Reinforcement Learning from Human Feedback (RLHF)
The training method that makes ChatGPT "helpful and safe." People evaluate AI's responses, and the model learns which behaviors are desirable. That's why ChatGPT feels more like an assistant than a search engine.
Runway
A powerful AI platform for video editing and generation. Can remove backgrounds, generate video from text, and create effects that previously required a Hollywood budget.
→ Test Runway
S
Semantic Search
Search based on meaning rather than exact words. Traditional search matches keywords, semantic search understands context. Therefore, AI search can find the right answer even if you don't use precisely the correct terms.
Sentiment Analysis
AI that analyzes emotions in text – positive, negative, or neutral. Used to monitor brands on social media, analyze customer reviews, or understand market trends.
Stable Diffusion
An open source model for image generation. Unlike DALL-E and Midjourney, you can run Stable Diffusion on your own computer (if you have a good graphics card). Popular among developers and tinkerers.
Synthetic Data
AI-generated data used to train other AI systems. When real data is limited or sensitive (medical records, personal data), synthetic data can fill the gap.
T
Temperature
A parameter that controls how "creative" or "random" an AI model is. Low temperature (0.1-0.3) = predictable, consistent answers. High temperature (0.8-1.0) = creative, varied answers. Adjust according to needs.
Token
The basic unit that AI reads and generates text in. Approximately 1 token = ¾ words. "Hello there" is ~4 tokens. Important for understanding costs (paid per token) and limitations (max tokens per request).
Training Data
All data used to train an AI model. For language models, it is books, web pages, articles, code. The quality and diversity of the training data determine how good the model becomes.
Transfer Learning
Taking an AI model trained on one task and using it for something else. For example, an image classification model trained on animals can be easily adapted to recognize cars. Saves a lot of time and resources.
Transformer
The revolutionary AI architecture from 2017 that underlies all modern language models. The name comes from the research paper "Attention Is All You Need." GPT stands for "Generative Pre-trained Transformer."
U
Unsupervised Learning
When AI learns to find patterns in data without being given examples of "correct answers." Unlike supervised learning (where each data point is labeled), the model must figure out the structure on its own. Used for clustering and anomaly detection.
V
Vector Database
A specialized database for storing and searching embeddings (vector representations of text, images, etc.).
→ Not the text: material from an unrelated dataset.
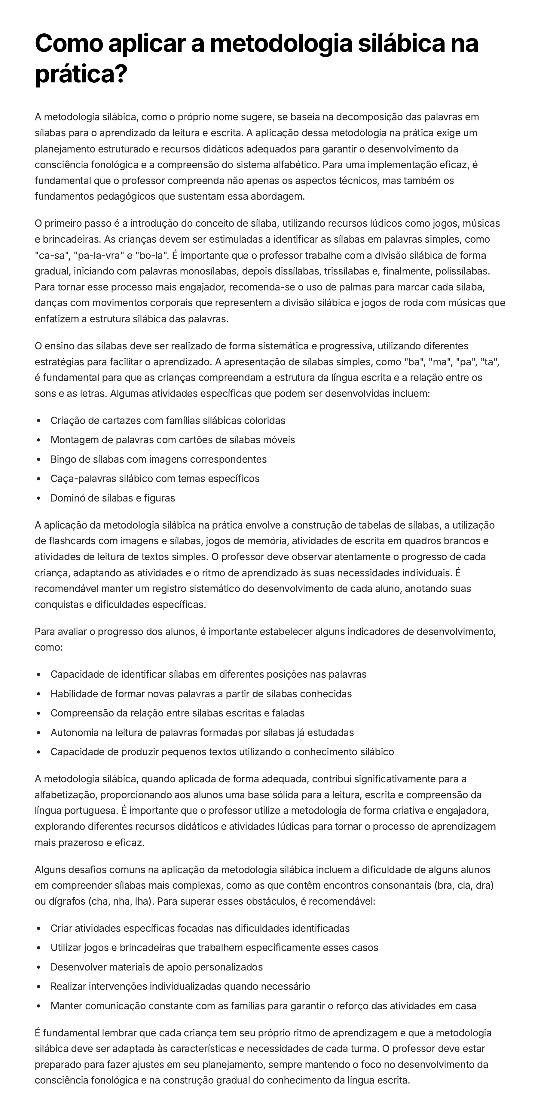 Como aplicar a metodologia silábica na prática? A metodologia silábica, como o próprio nome sugere, se baseia na decomposição das palavras em sílabas para o aprendizado da leitura e escrita. A aplicação dessa metodologia na prática exige um planejamento estruturado e recursos didáticos adequados para garantir o desenvolvimento da consciência fonológica e a compreensão do sistema alfabético. Para uma implementação eficaz, é fundamental que o professor compreenda não apenas os aspectos técnicos, mas também os fundamentos pedagógicos que sustentam essa abordagem. O primeiro passo é a introdução do conceito de sílaba, utilizando recursos lúdicos como jogos, músicas e brincadeiras. As crianças devem ser estimuladas a identificar as sílabas em palavras simples, como "ca-sa", "pa-la-vra" e "bo-la". É importante que o professor trabalhe com a divisão silábica de forma gradual, iniciando com palavras monosílabas, depois dissílabas, trissílabas e, finalmente, polissílabas. Para tornar esse processo mais engajador, recomenda-se o uso de palmas para marcar cada sílaba, danças com movimentos corporais que representem a divisão silábica e jogos de roda com músicas que enfatizem a estrutura silábica das palavras. O ensino das sílabas deve ser realizado de forma sistemática e progressiva, utilizando diferentes estratégias para facilitar o aprendizado. A apresentação de sílabas simples, como "ba", "ma", "pa", "ta", é fundamental para que as crianças compreendam a estrutura da língua escrita e a relação entre os sons e as letras. Algumas atividades específicas que podem ser desenvolvidas incluem: Criação de cartazes com famílias silábicas coloridas Montagem de palavras com cartões de sílabas móveis Bingo de sílabas com imagens correspondentes Caça-palavras silábico com temas específicos Dominó de sílabas e figuras A aplicação da metodologia silábica na prática envolve a construção de tabelas de sílabas, a utilização de flashcards com imagens e sílabas, jogos de memória, atividades de escrita em quadros brancos e atividades de leitura de textos simples. O professor deve observar atentamente o progresso de cada criança, adaptando as atividades e o ritmo de aprendizado às suas necessidades individuais. É recomendável manter um registro sistemático do desenvolvimento de cada aluno, anotando suas conquistas e dificuldades específicas. Para avaliar o progresso dos alunos, é importante estabelecer alguns indicadores de desenvolvimento, como: Capacidade de identificar sílabas em diferentes posições nas palavras Habilidade de formar novas palavras a partir de sílabas conhecidas Compreensão da relação entre sílabas escritas e faladas Autonomia na leitura de palavras formadas por sílabas já estudadas Capacidade de produzir pequenos textos utilizando o conhecimento silábico A metodologia silábica, quando aplicada de forma adequada, contribui significativamente para a alfabetização, proporcionando aos alunos uma base sólida para a leitura, escrita e compreensão da língua portuguesa. É importante que o professor utilize a metodologia de forma criativa e engajadora, explorando diferentes recursos didáticos e atividades lúdicas para tornar o processo de aprendizagem mais prazeroso e eficaz. Alguns desafios comuns na aplicação da metodologia silábica incluem a dificuldade de alguns alunos em compreender sílabas mais complexas, como as que contêm encontros consonantais (bra, cla, dra) ou dígrafos (cha, nha, lha). Para superar esses obstáculos, é recomendável: Criar atividades específicas focadas nas dificuldades identificadas Utilizar jogos e brincadeiras que trabalhem especificamente esses casos Desenvolver materiais de apoio personalizados Realizar intervenções individualizadas quando necessário Manter comunicação constante com as famílias para garantir o reforço das atividades em casa É fundamental lembrar que cada criança tem seu próprio ritmo de aprendizagem e que a metodologia silábica deve ser adaptada às características e necessidades de cada turma. O professor deve estar preparado para fazer ajustes em seu planejamento, sempre mantendo o foco no desenvolvimento da consciência fonológica e na construção gradual do conhecimento da língua escrita.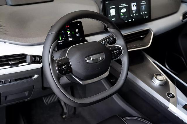 除了外观以外,进入车内也能看到几乎与几何A如出一辙的内饰设计。白灰配色,蜂巢元素,让整车内部简约但不简单;8液晶仪表盘取代了传统仪表盘,悬浮式中控屏搭配上旋钮式挡杆前方的E-rouche触控屏,让车内充满了未来科幻感。

Critical component in RAG systems and semantic search. Examples: Pinecone, Weaviate.
Vision Transformer
An AI architecture that applies transformer technology (from language models) to images. Has revolutionized computer vision in the same way transformers revolutionized NLP.
W
Whisper
OpenAI's AI for speech-to-text (speech recognition). Can transcribe and translate speech in 99+ languages with astonishing accuracy. Open source and free to use.
Z
Zero-Shot Learning
When AI can perform tasks it has never seen examples of before, just based on instructions. "Translate this text into Swahili" works even if the model was never specifically trained on Swahili translation. Shows true "intelligence."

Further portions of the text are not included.